When we visited Košice, Slovakia, a few years ago, we heard Hungarian spoken in the street, and on a walk in the hills encountered a family picnicking over a bogrács, a typical Hungarian cauldron. Košice was once Kassa, part of the kingdom of Hungary, and was one of the areas lost at Trianon after the First World War.
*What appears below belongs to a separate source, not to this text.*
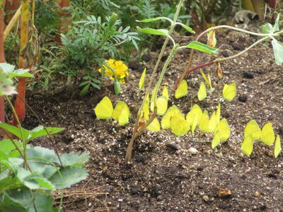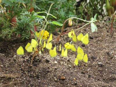 これって・・・? 2023年9月20日 12時33分 今朝、昨日新たにヒマワリを植えるために、牛糞を混ぜて耕した花壇に目をやると、何やら黄色い集団がヒラヒラと・・ なんとモンキチョウの集団でした。 なぜ?????? 水に集まっている? 牛糞に集まっている?

Public art can be an exciting introduction to a previously unfamiliar artist. The Story of the Old Kent Road introduced me to Adam Kossowski, and an unsigned cartoon in a river boat on the Danube opened to me the fascinating world of Pál Molnar-C. In Budapest a few weeks ago, I stopped to look at a heroic piece of relief sculpture (above) on a building in Károly körút, just opposite Deák Ferenc tér, which I took, from the modernity of the building and the style of the work, to be a piece of Socialist Realism celebrating Communist power and the harvest, a remnant of Hungary’s fifty years under Soviet rule. It was unsigned, and so I thought that this interesting and neglected bit of artistic flotsam, marred by modern graffiti, would forever remain a mystery to me.
However, when I posted a picture of it on Facebook, Peter Langh, who owns Gallery 567 in Budapest, told me that that artist was Zoltán Boboreki-Kovács and that the sculpture represented the annexation of Upper Hungary following the First Vienna Award – part of the dismemberment of Czechoslovakia and taking in Košice/Kassa. So, obviously not Socialist Realism. But its idealized figures, its juxtaposition of the maternal, the bucolic and the military, its strong faces and dramatic gestures, all indicate how similar nationalist art and communist art can be.

Boboreki-Kovács (19007-92) trained at the Academy of Fine Arts, Budapest, and in Rome, and was associated with the Szolnok Artists’ Colony, where he became interested in sculpture. Wikipedia says of him that he created realist monumental sculptures, that his compositions were closed and block-like, and that his art was characterized by pure forms and folk styles. At first he worked in in stone, then switched to bronze and wood. He also created sculptures for buildings. He left Hungary for South Africa after the war and his heroic style changed under the influence of modernism, abstraction and African art. His Hungarian Calvary (1941)(above) in the Farkasrét Cemetery is still in the style of his Re-annexation tableaux (below).